Governor Wolf Calls for Federal, State Action Following Escalating Gun Violence

August 05, 2019

Harrisburg, PA – In the wake of a weekend of bloodshed by individuals using legal weapons, Governor Tom Wolf today reiterated his call for federal and state action to keep dangerous weapons from dangerous individuals. Governor Wolf called on Senator Mitch McConnell to reconvene the United States Senate immediately to consider pending gun safety legislation passed by the U.S. House of Representatives. Further, Governor Wolf said both the Pennsylvania State House and Senate should advance commonsense reforms that would reduce access to guns for violent and dangerous individuals.
Governor Wolf’s full statement:

“The Tree of Life shooting made clear the imminent danger of hatred mixed with powerful guns,” Governor Wolf said. “We saw the carnage up close and we know there is more that we can do.

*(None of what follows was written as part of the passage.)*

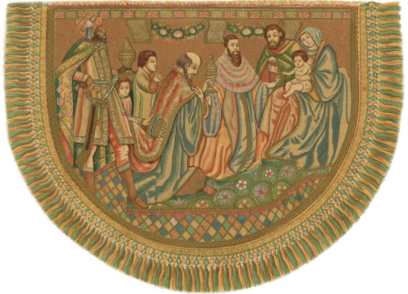 Embroidered by hand in silks & gold, with the Adoration of the Magi, & bordered with green & yellow silk fringe. __Flemish 16th. century.

Unfortunately, as a country and a commonwealth, we have failed to address these dangers, or adequately respond to gun violence that plagues communities, large and small, on a day-to-day basis. There is no single solution, but there are certainly commonsense steps we can take, on a myriad of problems, to reduce the likelihood and propensity of gun violence.

“The biggest and most immediate step that we could take as a nation is for the United States Senate to reconvene and pass House Resolution 8, a sweeping gun safety bill, approved by the U.S. House in February. Further, it is my belief that Congress should immediately pursue a ban or significant restrictions on assault rifles and ammunition accessories – those weapons of choice of mass shooters. I call on Majority Leader McConnell to immediately end the Senate’s recess and bring this bill to a vote. This is a nationwide crisis and it demands a national solution.

“Further, the commonwealth must also do more. I urge the House and Senate to address this issue. In Pennsylvania, as long as it is a private sale, any person can still buy an assault rifle to commit a mass shooting without a background check. We still don’t have a ‘red flag’ law that could get these weapons away from someone who was known to be dangerous. These are just two of many bills that exist right now to reduce violence. All of these bills have been stalled for too long.

“Over the past few months, my administration has been consulting partners and members of the general assembly on what more the executive branch can be doing to reduce gun violence and keep weapons from dangerous individuals. We want to ensure we are using the full weight of the executive branch to combat this problem.

“This is just the start. We should be passing measures to reduce violence by combatting poverty and increasing opportunity for struggling communities. We should strengthen our hate crimes law and better target domestic terrorism and white nationalism. We should certainly invest in our mental health systems and combat the stigma and any barriers to seeking treatment.

“But we cannot limit our action to any one of these problems, either. This crisis demands swift but comprehensive reforms. We know what we are doing now is not enough. The status quo is costing people their lives and robbing many Americans of their peace of mind and freedom to live their daily lives without fear. We cannot accept this violence and fear as normal. We must take action.”